In the Prediction dataset two groups had unusually high predicted call shares including in decreasing magnitude, Management of Companies (NAICS 550000:559999) and Primary and Fabricated Metals, Machines, and Furniture (NAICS 331000:333999 and 337000:337999). In this same dataset 2 groups also had unusually high shares of firms in the GScore of 4 and 5 categories including in decreasing magnitude: Management of Companies (NAICS 550000:559999) and Primary and Fabricated Metals, Machines, and Furniture (NAICS 331000:333999 and 337000:337999). Again, for these groups this may mean that they have a higher than typical propensity to expand, and/or that there is a fairly large group of relatively high performers.
Next, in terms of where those Gazelles might reside for 2020 and early 2021, comparing the evidence reported in points above suggests that industries to pay a bit more attention to, because of potentially anomalous high-performance evidence in both datasets and for multiple diagnostics, includes: Education, Health, and Social Assistance (NAICS 600000:699999) and Management of Companies (NAICS 550000:559999). However conflicting evidence including relatively lower fitting accuracy coupled with predictions of high performance occur for Mining/Oil Extraction and Power Generation, and Utilities (NAICS 200000:234999), Primary and Fabricated Metals, Machines, and Furniture (NAICS 331000:333999 and 337000:337999), and to a lesser extent Information Technology (NAICS 500000:519999). For these latter groups, the to-be-called lists of firms should be much larger and include firms with more diverse GScores due to potentially noisy predicted performance. In contrast the industries with the lowest propensity of firms to expand include: Advanced Manufacturing of Transport Equipment (NAICS 336000:336999), Advanced Manufacturing of Computers (NACIS 334000:334999), Finance and Insurance (NAICS 520000:529999), and Other Services (NAICS 800000:811999). Finding a Gazelle among these latter four groups may be more difficult than for the preceding industries.

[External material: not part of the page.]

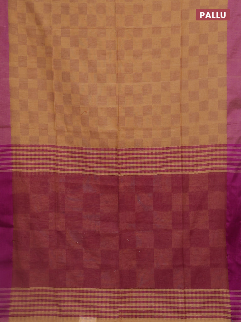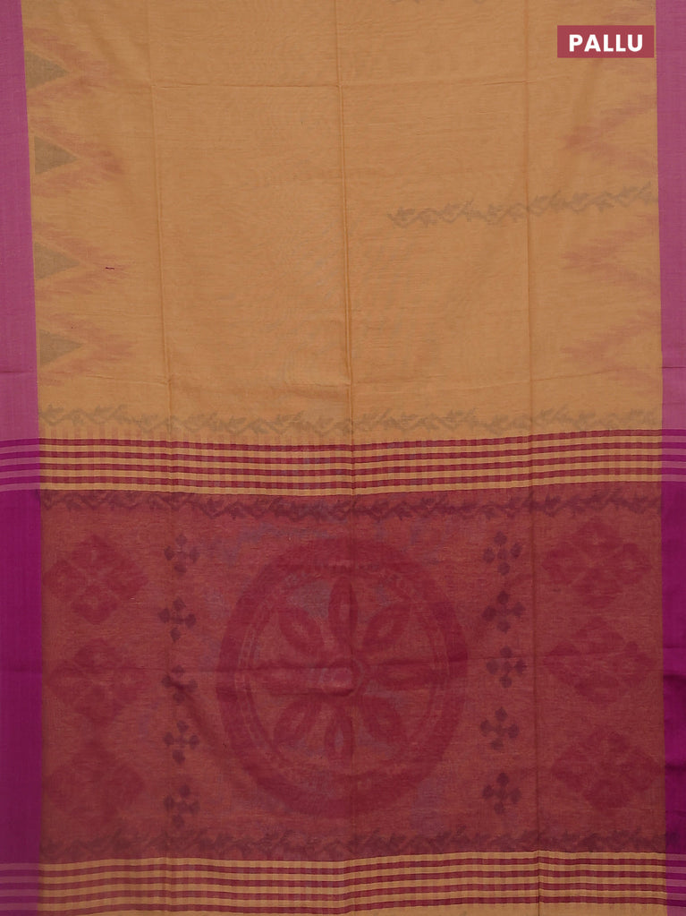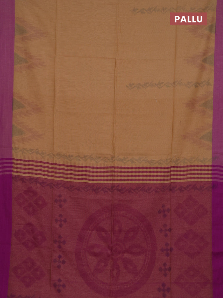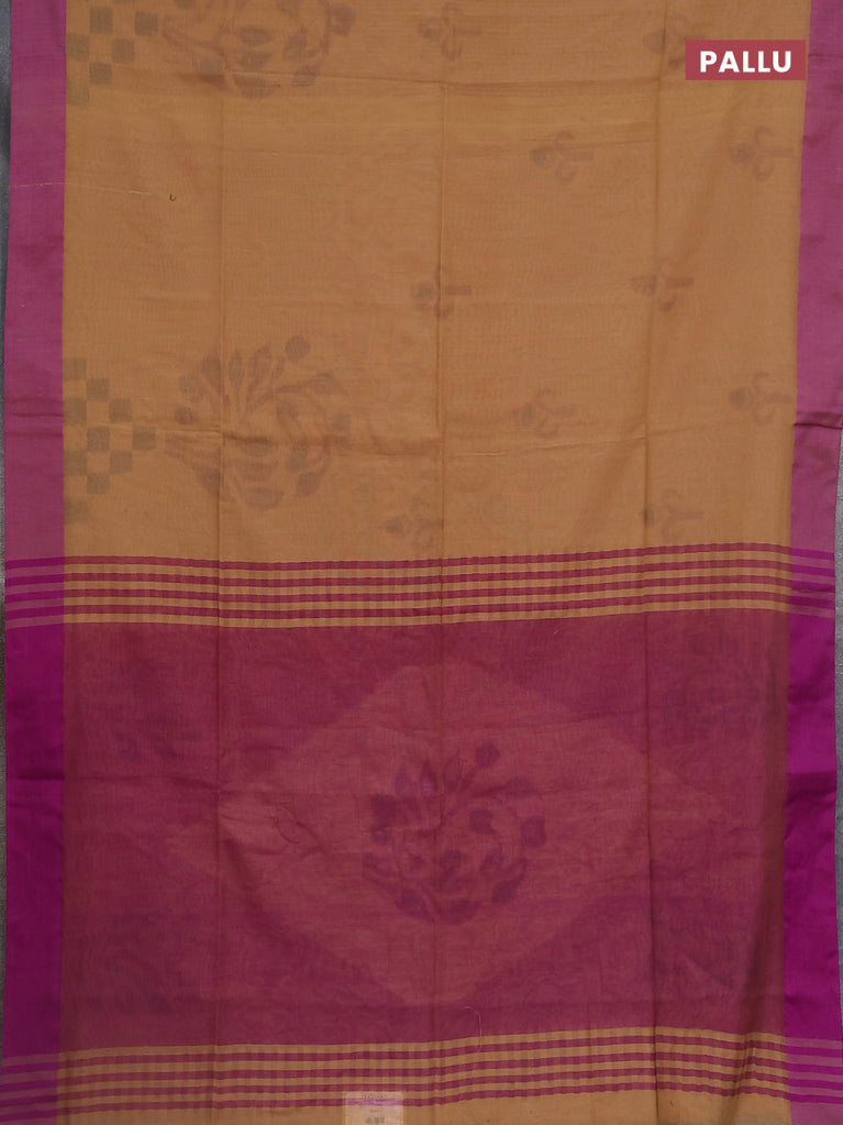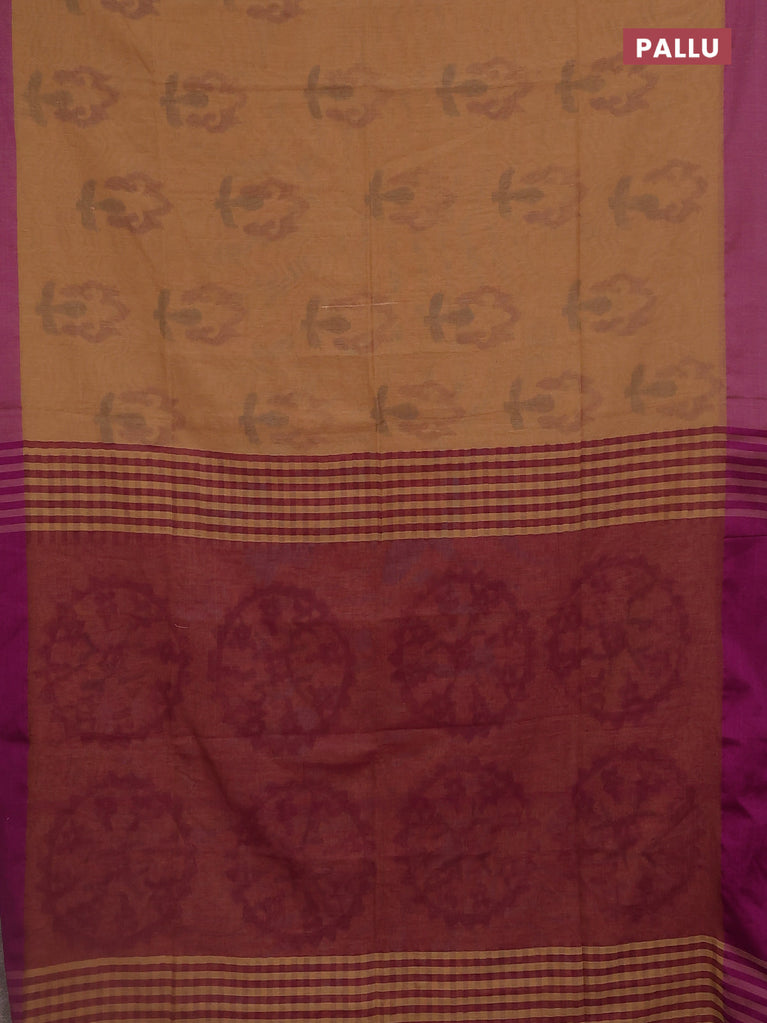Bengal soft cotton saree sandal and purple with allover weaves and simple border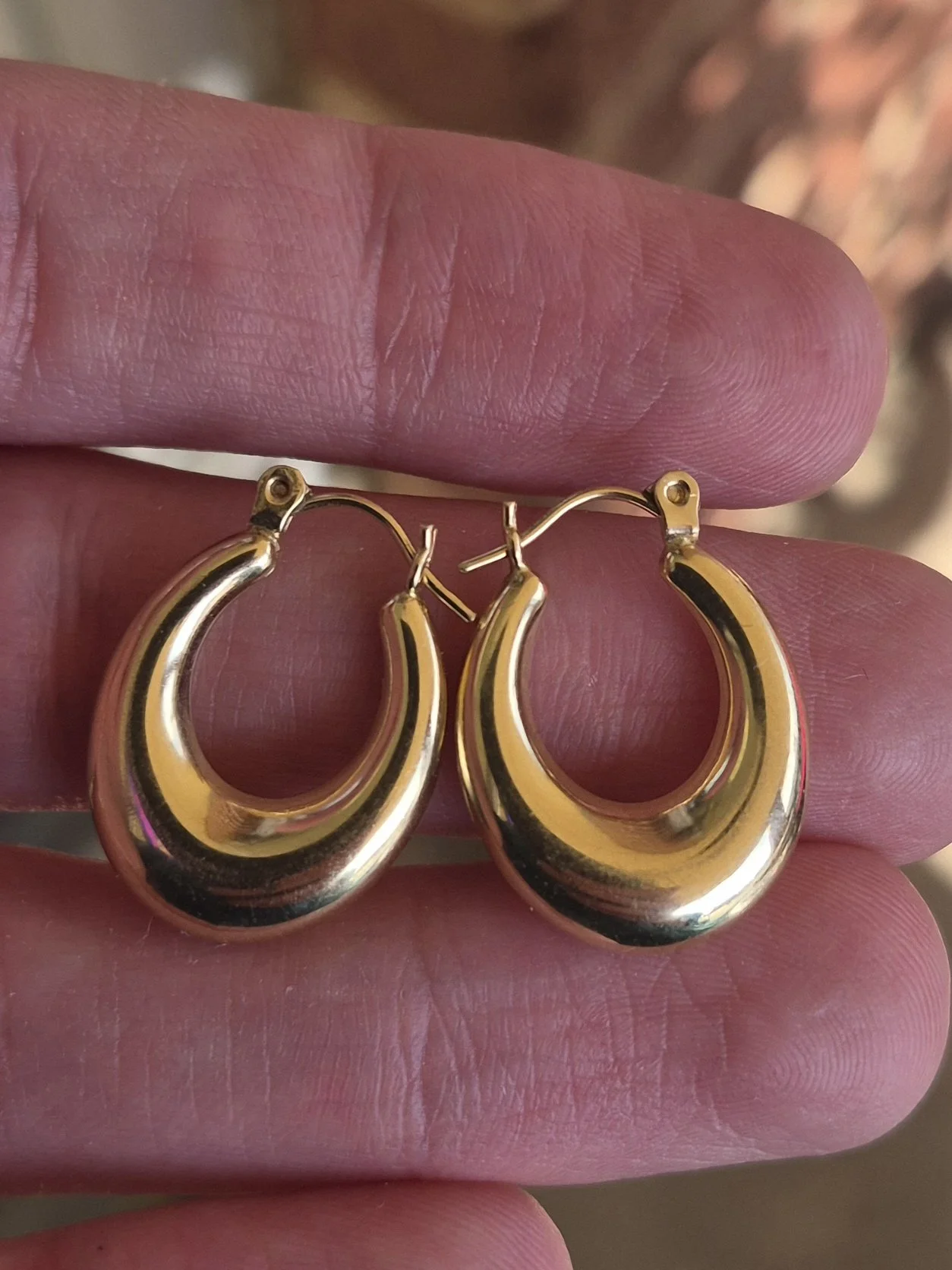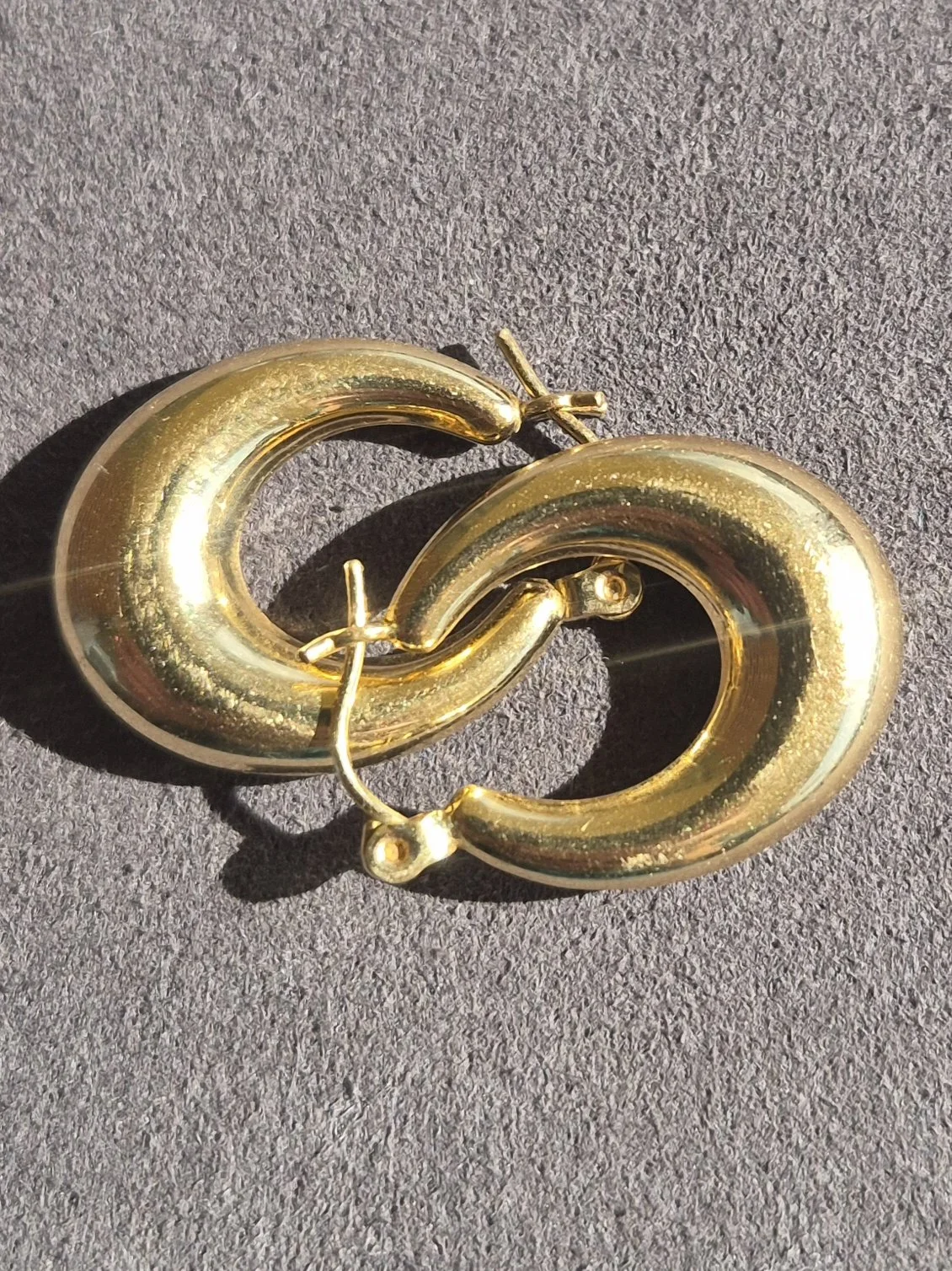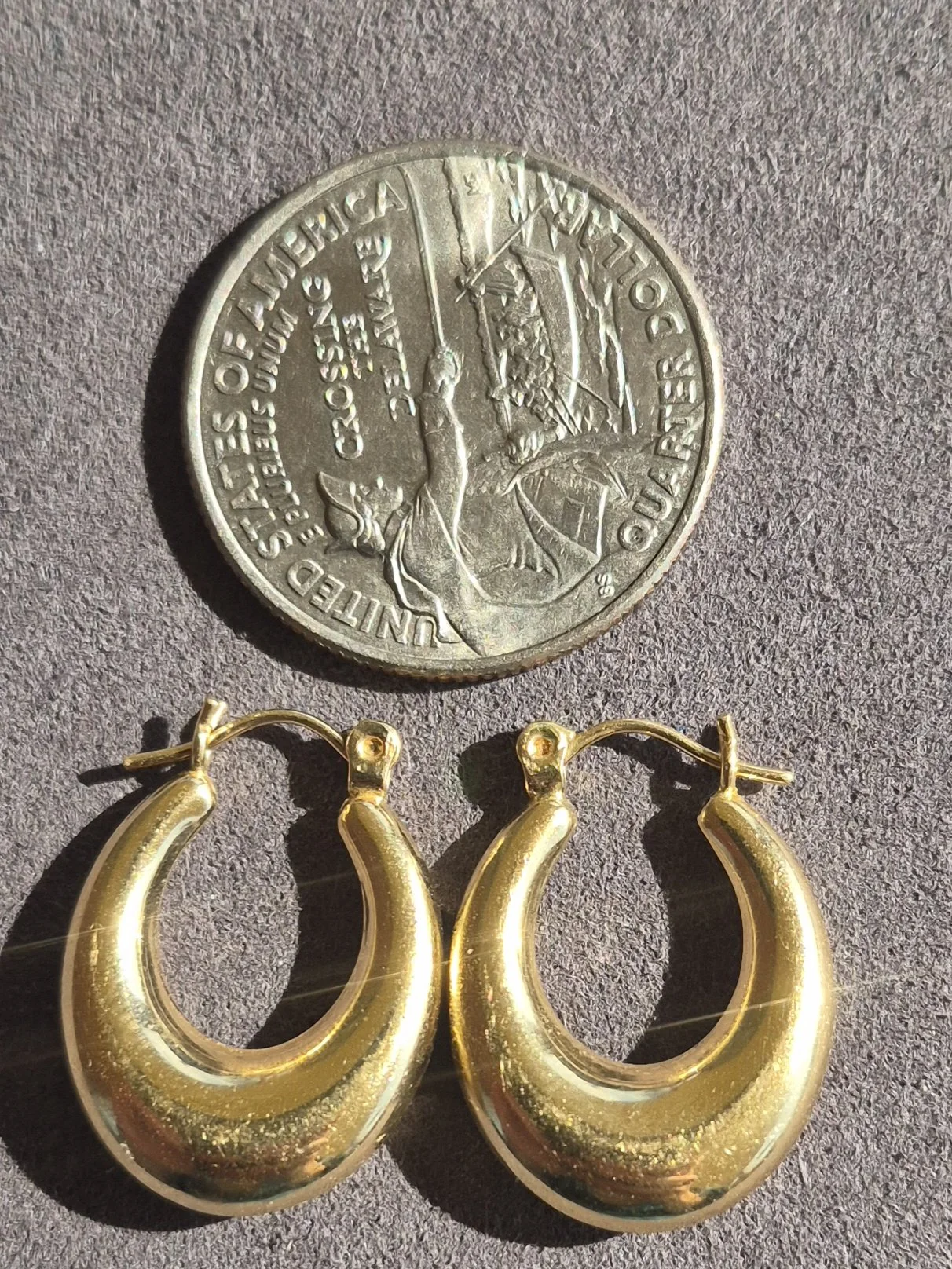 Image 1 of 3 Image 2 of 3 Image 3 of 3 14k 2.1g hollow oval hoops $197.00 Hollow yellow gold hoops with no dents Add To Cart Added! Hollow yellow gold hoops with no dents Reviews Reviewer Name Review Date Star Rating Description Posted on Etsy Product Show More

Finally, several industries appear to be more sensitive to short run contemporaneous signals than other industry groups. These seven industry groups have a higher share of the new contemporaneous and firm-level variables in their top association weights list. These include: Advanced Manufacturing of Electrical Devices (NAICS 335000:335999), Education, Health, and Social Assistance (NAICS 600000:699999), Administrative Support and Waste Remediation (NAICS 560000:599999), Advanced Manufacturing of Automotive and Aerospace (NAICS 336000:336999), Employment and Industrial Production levels, Management of Companies (NAICS 550000:559999), Advanced Manufacturing of Computers (NAICS 334000:334999), and finally, Retail Trade (NAICS 440000:479999). See Table 1 below for a summary of these unique industry anomalies and other stylized facts. Any industry group not listed in the Table indicates that expansion predictions and GScores may be interpreted without caveat when building lists.